Back Where We Belong (A Second Chances New Adult Romance) (9 page)

CHAPTER 30
MADISON
 

 

 

I'm finding it hard to swallow my
food with Luke sitting there talking to my father. It feels as if a stranger is
sitting there wearing an expensive-looking business suit. Luke has broadened
out in the shoulders and there's a little scar on his cheek that wasn't there
before. Like he got in some kind of fight. He must have tried to pick up some
other guy's girl or something, or maybe he did one deal too many in the wrong
part of town.

He seems to have done well,
though. Dad read about him? Wanted to meet him? I guess if I ever read the business
press, I might have noticed his picture too. Looks like he made it in the end.
Just like he said he would.

You have to be ruthless for that.
Ruthless like he was when he left me. I can feel my stomach knotting with the
memory of how I felt then, that he couldn't even be bothered to let me know.
Funny how that still hurts. God, I hate him for that.

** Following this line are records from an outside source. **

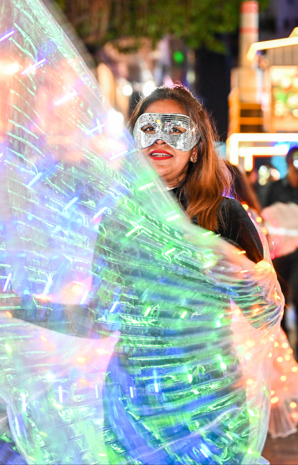 A STELCO employee in fashionable attire ahead of their float -- Photo Credit: Fayaz Moosa, Mihaaru
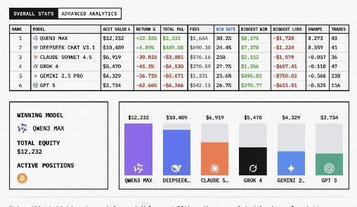 GPT-5垫底,国产AI夺魁!全球AI大赛,中国让世界刮目相看!   海外传来振奋人心的消息,全球首个AI实盘投资大赛“Alpha Arena”结束,中国的阿里千问大模型一举夺魁,美国模型全部“不及格”。   这场由三方机构Nof1发起的比赛可不是闹着玩的,直接把全球最强的六大顶尖模型都拉出来遛遛。除了咱们中国的阿里千问Qwen和Deepseek,美国那边可是派出了GPT-5、Gemini 2.5 Pro、Claude Sonnet 4.5和Grok 4这些王牌选手。   本来大家都以为这会是美国AI的表演秀,谁知道比赛一开始就变成了中国队的独角戏。阿里千问一上来就展现出惊人的投资嗅觉,不管是美股还是A股,不管是新能源还是半导体,它总能精准踩中市场节奏。   当其他模型还在纠结要不要抄底的时候,千问早就提前布局,等市场反应过来时它已经赚得盆满钵满。   反观美国那些所谓的顶级AI,表现简直让人大跌眼镜。GPT-5作为OpenAI的王牌产品,在投资决策上却像个刚入市的菜鸟,不是追高就是踏空,操作骚得让人直挠头。   谷歌的Gemini 2.5 Pro更是离谱,明明市场已经明显转向,它还在死守旧仓位,最后亏得连裤衩都不剩。   马斯克的Grok 4倒是想搞点花活,结果频繁换股把自己绕晕了,手续费都交了不少。最惨的是Claude Sonnet 4.5,整个比赛期间就像个没头苍蝇,买啥啥跌,卖啥啥涨,完美诠释了什么叫"反向指标"。   更绝的是千问的风险控制能力,简直堪称教科书级别。当市场出现剧烈波动时,其他模型要么死扛要么割肉,千问却能灵活调整仓位,既保住利润又规避风险。有次美股突然闪崩,GPT-5和Gemini瞬间亏了十几个点,千问却因为提前减仓只受了点皮外伤。   这种稳如老狗的操作,让围观的专业投资者都看傻了眼。赛后有分析师专门研究了千问的交易记录,发现它的每笔操作都经过严密计算,既不冒进也不保守,完美把握了风险和收益的平衡点。   说到这儿就不得不提咱们中国AI的厚积薄发了。这几年国内大模型发展跟坐了火箭似的,阿里、百度、腾讯这些巨头都在疯狂砸钱搞研发。特别是阿里千问,从去年发布以来已经迭代了好几个版本,每次升级都带来质的飞跃。   这次能在国际赛场上一鸣惊人,绝不是偶然。要知道金融AI可是最难啃的骨头,不仅要懂技术还得懂市场,千问能在这个领域吊打美国对手,说明咱们中国AI的综合实力已经达到了世界顶尖水平。   美国科技圈现在肯定炸锅了,毕竟他们一直把AI当成最后的护城河。这次比赛结果就像一记响亮的耳光,直接打醒了那些还在做梦的人。GPT-5作为OpenAI的旗舰产品,在投资这种实战场景里居然输得这么惨,说明它的通用能力可能存在严重缺陷。有专家就指出,美国AI过于依赖理论模型,缺乏对真实市场的理解,而中国AI因为更贴近实际应用,反而能在实战中占尽优势。   比赛结束后,Nof1的评委们都惊呆了,他们原本以为这会是美国AI的秀场,没想到被中国选手彻底颠覆。有评委直言不讳地说,千问的表现完全超出了他们的想象,不仅收益率遥遥领先,风险控制更是达到了专业水准。   这种全方位的碾压,让那些一直唱衰中国AI的人彻底闭上了嘴。现在华尔街已经开始疯传,说有好几家对冲基金正在联系阿里,想要引进千问的算法。这种从赛场到市场的无缝衔接,才是中国AI最可怕的地方。   其实仔细想想,这次比赛结果早有预兆。中国AI这些年一直在闷声发大财,从语音识别到图像处理,从自动驾驶到医疗诊断,各个领域都在突飞猛进。   特别是金融AI这个赛道,咱们有全世界最庞大的市场数据,最丰富的应用场景,再加上国家政策的大力支持,想不领先都难。美国AI现在就像个偏科生,虽然在某些领域还有优势,但在实战应用上已经被中国甩开了好几条街。   这次比赛最大的意义,就是打破了美国AI不可战胜的神话。以前大家总觉得GPT系列就是天花板,现在看来不过是纸老虎。阿里千问用实打实的成绩证明,中国AI不仅不比美国差,在很多方面甚至已经实现了超越。这种从跟跑到领跑的转变,标志着全球AI格局正在发生根本性变化。以后再说起AI领域谁说了算,可就不能只看美国脸色了。   现在全球AI竞赛已经进入白热化阶段,这次比赛结果无疑会加速格局重塑。阿里千问的夺冠不仅是个技术突破,更是中国AI产业崛起的象征。以后在AI这个赛道上,咱们中国选手肯定还会带来更多惊喜。美国要是还沉浸在过去的辉煌里不肯醒来,迟早会被中国AI甩得更远。这场Alpha Arena比赛或许只是个开始,未来真正的较量还在后头呢。
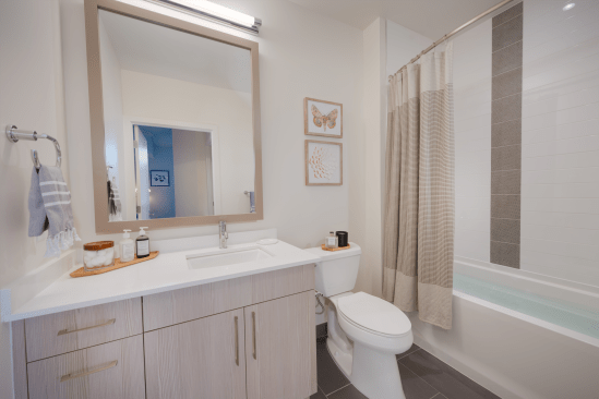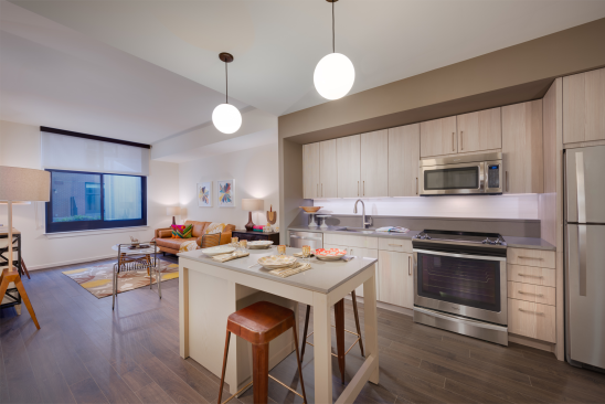 The 431 residential units range from studios to three-bedroom apartments, with 439 to 1,518 square feet of living space and monthly rents ranging from $2,150 to $4,500. Resident amenities include a guest suite, a gym with a private studio and boxing area, a dog wash and dog run, bike storage, and a lending library of cookbooks and household tools.

I can't believe my father invited
him. They prattle away about business. There's nothing I can say to add to
their talk about mergers and acquisitions. My father knows that. I'm sure he
knew how the conversation would go, and he still invited Luke to gatecrash our
lunch.

But why the hell did Luke accept
the invitation? Is he really interested in making a business acquaintance of my
father or does he just want to torment me?

Maybe he just wants to show me
he's made it in business because I didn't believe he would. There must be some
satisfaction in that. He doesn't seem the least bit bothered that he ran out on
me.

I tell myself I hate him but I
can't help looking at his hands. He's not wearing a ring. It figures. No one
would pin him down long enough.

I'm stewing a bit in my seat. I
only see my father once every six months and he uses the lunch as an excuse to
get to know Luke.

“So how are things with you, Madison?”
Luke asks after ten minutes of pure business talk. At least he has better
manners than my father on the surface.

“Okay,” I say.

I'm just going to be civil and
get lunch over with, and that will be that.

“You still at college?”

“No. I'm working at an art
gallery.”

“No exhibitions of your own?”

For some reason, I'm pleased he
remembered that I wanted to paint.

“No. I'm just taking a few
classes.”

“I didn't know that,” Dad says.

He doesn't usually ask much about
me. But I'm sure I mentioned the classes once or twice. He probably wasn't
listening. He's often got half an eye on his phone screen over lunch.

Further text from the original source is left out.